Gesundheitsminister Johannes Rauch (Grüne) hat vor kurzem in diesem Zusammenhang wieder einmal die sogenannte Aut-idem-Regelung (aut idem=lateinisch für oder das Gleiche, Anm.) mit Wirkstoffverschreibung durch den Arzt und Auswahl des vorhandenen Medikaments durch die Apotheken befürwortet. Ärztekammer und Pharmaindustrie sind vehement dagegen. Mehr Medikamente kommen allein deshalb nicht auf den Markt. Jakesz sieht eine Möglichkeit, die auch standespolitisch gefärbten Debatten um Aut-idem zu umschiffen: „Man könnte bloß den Paragraf 5 des Apothekengesetzes mit der Abgaberegelung für rezeptpflichtige Arzneimittel im Notfall ein bisschen erweitern. Dann braucht man Aut-idem nicht mehr.“

Im Notfall darf ein Apotheker oder eine Apothekerin in Österreich die kleinste Packung eines rezeptpflichtigen Medikamentes ohne Vorlage einer ärztlichen Verschreibung ausfolgern. Würde man also eine Regelung schaffen, wonach auch ein Versorgungsengpass ein solcher Notfall wäre, könnte das in den Apotheken helfen.

Zentralisierter Einkauf von Medikamenten

Die österreichischen Krankenhäuser sehen die Versorgung in ihrem Bereich mittlerweile deutlich besser gesichert als noch vor der Covid-19-Pandemie. Gernot Idinger, Krankenhausapotheker in Steyr in Oberösterreich und leitender Einkäufer für die OÖ-Gesundheitsholding: „Ich bin hier gelassen. Wir sind jetzt besser aufgestellt als vor der Pandemie. Wir achten darauf, für Medikamente etc. immer zwei bis drei Lieferanten zu haben. Wir haben in Oberösterreich bei einem Großhändler ein Notfalllager für die wichtigsten Arzneimittel für einen Bedarf von zwei bis drei Monate eingerichtet.„

Das sei de facto - auch mit den Erfahrungen während der Covid-19-Pandemie - bei allen neun Krankenhausträgern der österreichischen Bundesländer sowie der Häuser der Barmherzigen Brüder und der Barmherzigen Schwestern (Vinzenz-Gruppe) so geschehen. Idinger: „Im Notfall arbeiten wir zusammen. Wir haben uns für den Einkauf von Medikamenten zusammengeschlossen und stimmen uns ab.“ Auch der Krankenhausapotheker aus Steyr spricht sich für nationale Pharma-Lager der Industrie aus.

Sowohl Gittler als auch Idinger erteilen jedenfalls einem zentralisierten Einkauf von Medikamenten durch, staatliche Stellen oder einem Zentrallager, zum Beispiel beim Bundesheer, eine eindeutige Absage. Die Linzer Krankenhausapothekerin, die auch im Vorstand der Praevenire-Gesundheitsinitiative aktiv ist: „Ein Zentrallager ist ein Unsinn. Eine zentrale Beschaffung ist etwas, vor dem ich sehr warne.“ Idinger ergänzte: Die von manchen Politikern gewünschte Zentralisierung werde im Kern über die Zusammenarbeit der Krankenhausapotheker der Spitalsträger in Österreich sowieso schon gelebt.

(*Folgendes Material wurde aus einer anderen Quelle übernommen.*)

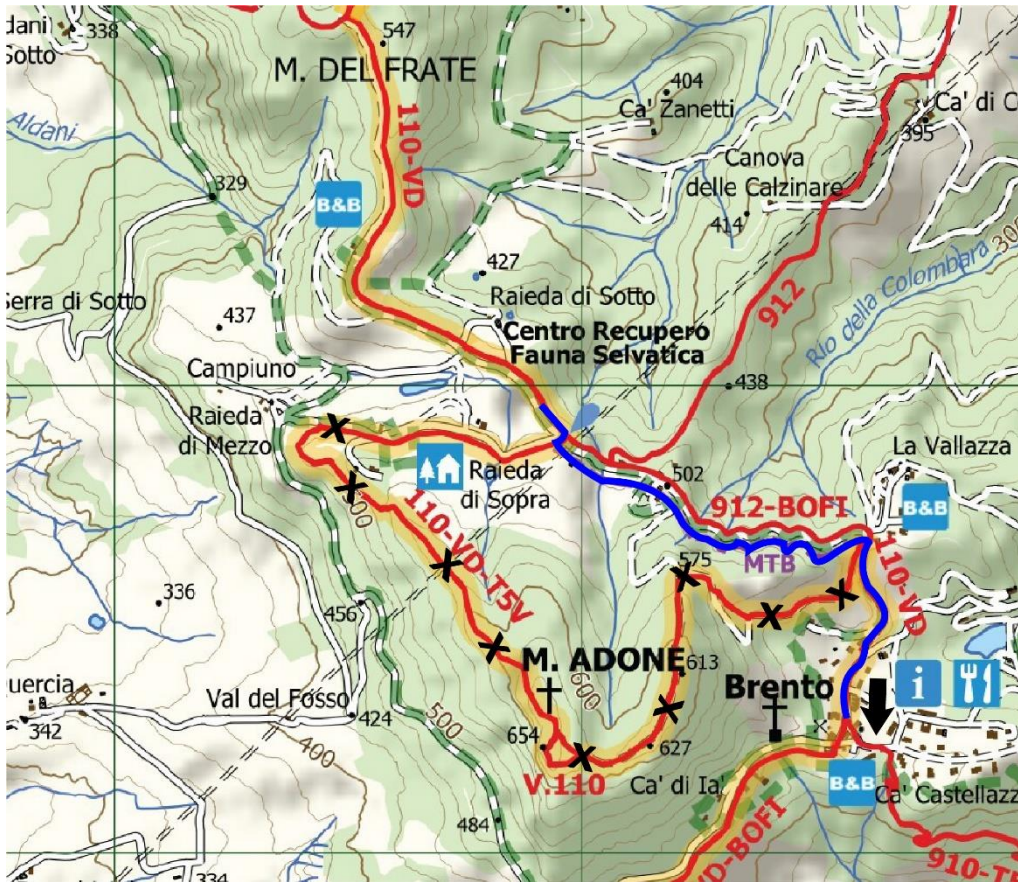
Image 4 - Monte Adone, MTB variation

The loop going up to Monte Adone is interrupted by a large landslide and is not possible now to climb the top of the mountain.

Sogenannte Tender-Käufe - eine Stelle kauft nur bei einem Produzenten - seien überhaupt gefährlich. „Das führt zum Monopol eines Herstellers, die anderen ziehen sich vom Markt zurück“, sagten die beiden Fachleute praktisch unisono. Am Ende stünden dann höhere Preise wegen der Monopolstellung und noch weniger Versorgungssicherheit.

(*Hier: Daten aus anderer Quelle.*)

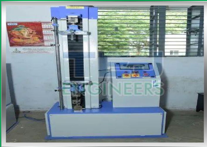
230 V Plastic Testing Apparatus Machine
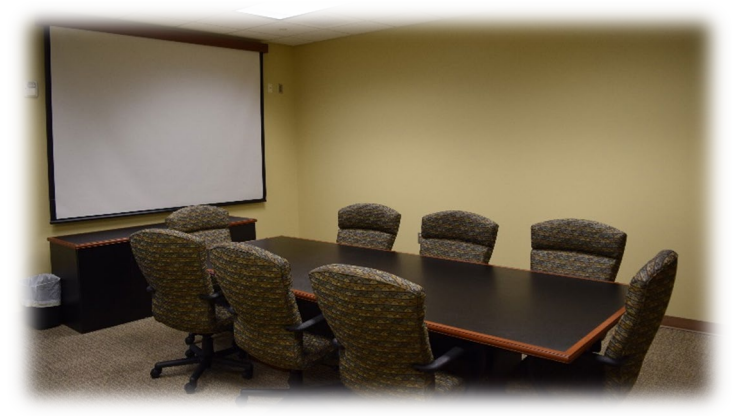
Conference Room With Screen & Whiteboard

Taskforce analysiert und berät zur Versorgungssituation bei Arzneimitteln

Von der österreichischen Öffentlichkeit weitgehend unbemerkt haben die Verantwortlichen in den Krankenhausapotheken übrigens erst in den vergangenen Monaten eine potenziell hoch gefährliche Situation umschifft. Produktionsbedingt war plötzlich das Biotech-Medikament rtPA zur Auflösung von Blutgerinnseln im Gehirn bei einem Schlaganfall nur mehr eingeschränkt verfügbar.

Idinger: „Wir haben eng und gut mit dem Hersteller zusammengearbeitet und die verfügbaren Mengen österreichweit ausschließlich für die 'Stroke'-Units bereitgestellt.“ Für andere Anwendungen wurde Ersatz gefunden. Darüber hinaus, so Gittler, ging man durch Bereitstellung kleinster rtPA-Einheiten für die Körpergewichts-abhängige Dosierung bei Schlaganfallpatienten mit den Ressourcen optimal um. Die Verantwortlichen der Agentur für Gesundheit und Ernährungssicherheit (AGES), Pharmaindustrie, Großhandel, Apotheker und andere Fachleute analysieren und beraten die Versorgungssituation bei Arzneimitteln im Rahmen einer Taskforce regelmäßig. Auch das sei ein wesentlicher Fortschritt, erklärte der Experte.